### [Task to complete]
In the listing below, the lines starting with the line with "1 : 1.2,2022-08-02 13:00向↘︎形成缺口,跳空下跌-4.60%˚" and going on through the line with "6. Считать одномерные" are to be reproduced exactly, and only those.

### [Study material]
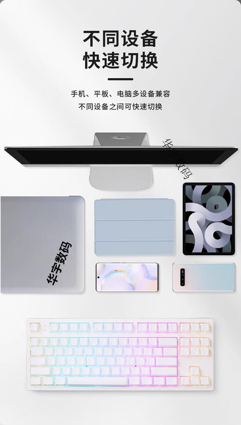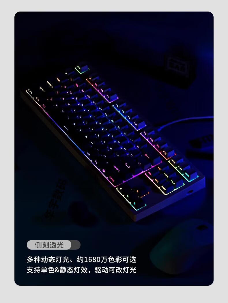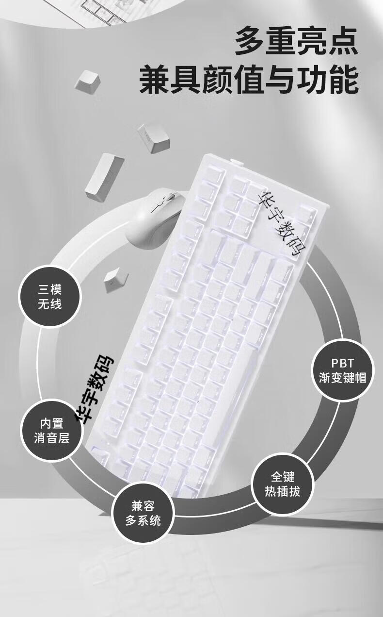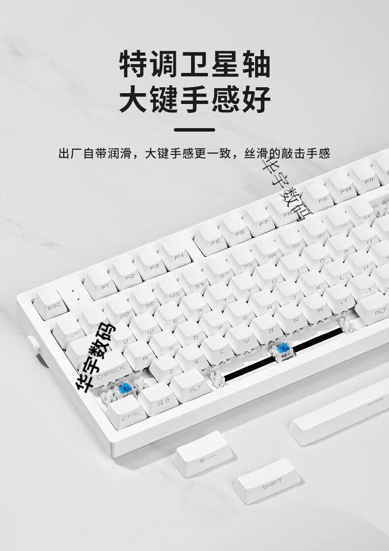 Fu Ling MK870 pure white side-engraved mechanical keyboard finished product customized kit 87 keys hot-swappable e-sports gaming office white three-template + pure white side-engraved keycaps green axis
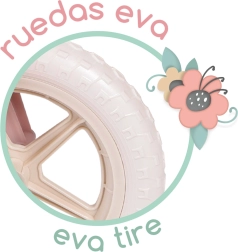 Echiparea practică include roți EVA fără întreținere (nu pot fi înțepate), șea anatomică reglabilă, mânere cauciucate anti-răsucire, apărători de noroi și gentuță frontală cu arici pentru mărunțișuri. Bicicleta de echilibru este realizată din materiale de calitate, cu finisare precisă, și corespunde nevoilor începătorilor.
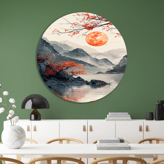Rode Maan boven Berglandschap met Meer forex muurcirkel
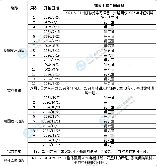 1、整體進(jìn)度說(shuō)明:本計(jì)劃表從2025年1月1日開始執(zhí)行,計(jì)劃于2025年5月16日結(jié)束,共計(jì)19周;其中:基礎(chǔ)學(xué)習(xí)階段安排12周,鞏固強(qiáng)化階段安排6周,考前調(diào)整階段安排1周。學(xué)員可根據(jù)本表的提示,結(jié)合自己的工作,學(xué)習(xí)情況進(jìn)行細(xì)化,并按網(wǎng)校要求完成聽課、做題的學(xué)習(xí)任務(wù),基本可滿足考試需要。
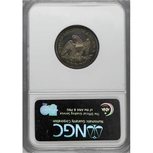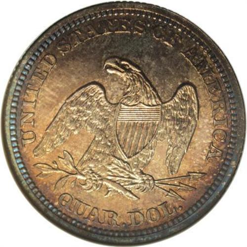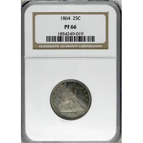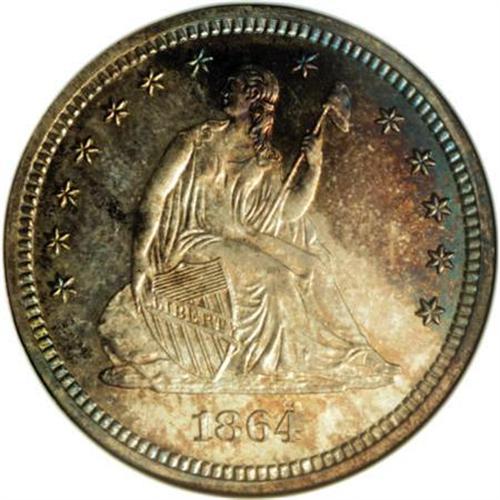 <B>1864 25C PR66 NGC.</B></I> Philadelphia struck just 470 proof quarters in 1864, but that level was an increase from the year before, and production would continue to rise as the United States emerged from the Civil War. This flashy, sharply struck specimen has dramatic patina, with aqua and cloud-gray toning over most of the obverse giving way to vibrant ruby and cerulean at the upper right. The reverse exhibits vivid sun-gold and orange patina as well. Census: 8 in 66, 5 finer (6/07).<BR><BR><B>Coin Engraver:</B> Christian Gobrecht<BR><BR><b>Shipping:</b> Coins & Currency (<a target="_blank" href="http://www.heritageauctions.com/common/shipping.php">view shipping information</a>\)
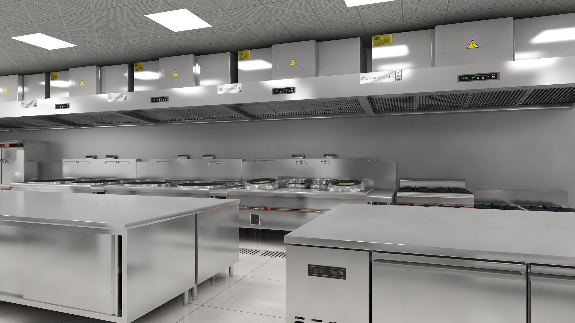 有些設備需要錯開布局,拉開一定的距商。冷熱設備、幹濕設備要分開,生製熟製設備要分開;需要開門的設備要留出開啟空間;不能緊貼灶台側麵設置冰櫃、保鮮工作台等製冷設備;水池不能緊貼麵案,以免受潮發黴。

==

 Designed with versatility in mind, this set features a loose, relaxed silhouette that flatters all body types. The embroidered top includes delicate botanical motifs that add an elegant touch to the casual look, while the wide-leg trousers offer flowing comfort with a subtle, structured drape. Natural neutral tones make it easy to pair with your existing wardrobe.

* * *

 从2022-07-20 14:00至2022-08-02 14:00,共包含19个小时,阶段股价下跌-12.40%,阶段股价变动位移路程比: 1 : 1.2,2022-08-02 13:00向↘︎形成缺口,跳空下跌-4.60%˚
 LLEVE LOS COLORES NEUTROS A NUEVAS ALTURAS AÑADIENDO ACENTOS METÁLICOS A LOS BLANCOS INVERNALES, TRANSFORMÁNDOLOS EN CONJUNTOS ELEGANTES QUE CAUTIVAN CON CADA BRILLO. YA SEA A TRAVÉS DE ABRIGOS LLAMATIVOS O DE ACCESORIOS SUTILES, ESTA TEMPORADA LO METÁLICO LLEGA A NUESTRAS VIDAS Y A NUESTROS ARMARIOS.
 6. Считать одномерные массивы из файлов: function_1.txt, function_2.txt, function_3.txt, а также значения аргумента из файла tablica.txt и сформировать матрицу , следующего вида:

### [Your response]
 从2022-07-20 14:00至2022-08-02 14:00,共包含19个小时,阶段股价下跌-12.40%,阶段股价变动位移路程比: 1 : 1.2,2022-08-02 13:00向↘︎形成缺口,跳空下跌-4.60%˚
 LLEVE LOS COLORES NEUTROS A NUEVAS ALTURAS AÑADIENDO ACENTOS METÁLICOS A LOS BLANCOS INVERNALES, TRANSFORMÁNDOLOS EN CONJUNTOS ELEGANTES QUE CAUTIVAN CON CADA BRILLO. YA SEA A TRAVÉS DE ABRIGOS LLAMATIVOS O DE ACCESORIOS SUTILES, ESTA TEMPORADA LO METÁLICO LLEGA A NUESTRAS VIDAS Y A NUESTROS ARMARIOS.
 6. Считать одномерные массивы из файлов: function_1.txt, function_2.txt, function_3.txt, а также значения аргумента из файла tablica.txt и сформировать матрицу , следующего вида:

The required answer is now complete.